A girl was stretchered from a Peak District hillside after falling and injuring her herself.
The 12-year-old was with a group of Scouts from Market Harborough, Leicestershire, when she suffered what rescuers described as a serious leg injury while on the Doctor’s Gate path on the southern slopes of Bleaklow.
Glossop Mountain Rescue Team was alerted at 2.30pm on Saturday and went to the scene, near the footbridge over Shelf Brook, east of Glossop.
A spokesperson for the team said: “Very heavy rain made the going difficult. The Team arrived on scene and placed the injured girl in a casualty tent for treatment.”
A doctor from Edale Mountain Rescue Team also joined the Glossop members in treating the girl, who was with the group on a hiking visit to the area.
She was given first aid then stretchered to the Glossop team’s Land Rover which took her to a waiting ambulance.
She was then taken to Tameside Hospital, Ashton-under-Lyne, for further treatment.
Nineteen members of Glossop MRT took part in the rescue, their second of the week.
Doctor’s Gate, which is denoted on Ordnance Survey maps as a Roman Road, links Glossop with the summit of the Snake Pass.

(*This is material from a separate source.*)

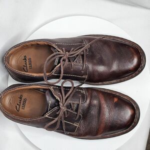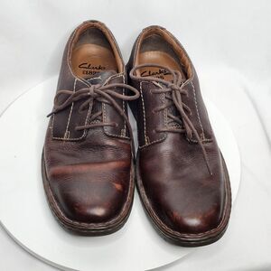 CLARKS Mens Stratton Way Distressed Oxford Lace Up Shoes Brown Leather Size 9.5
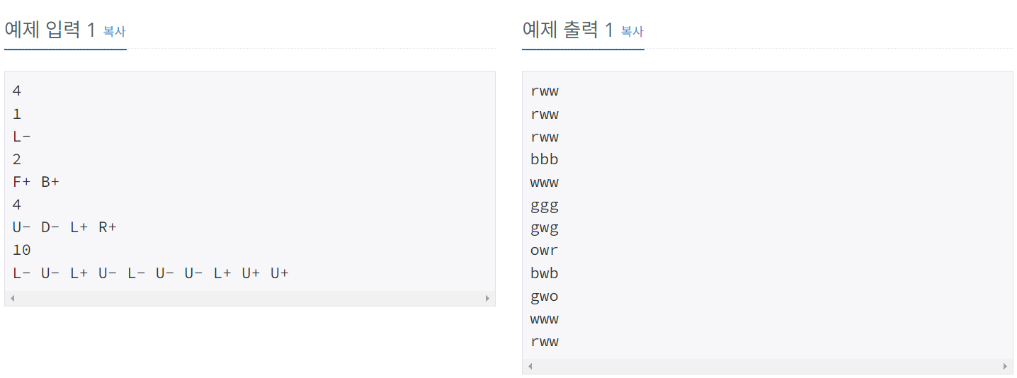 큐브를 이중 배열을 통해 구현하고 이를 회전시키는 작업을 수행할 것이다.

The National Trust says there are two theories on its origins. One is that it is indeed part of an ancient trackway built by the Romans to link the forts of Ardotalia in Glossop with Navio at Brough in the Hope Valley.
Another theory is that during the mediaeval period Doctor John Talbot who became vicar of Glossop in 1491 had the trackway built to link the Talbot family seat in Sheffield to Glossop, hence the name Doctor’s Gate – gate in this case the Middle English word meaning path or way.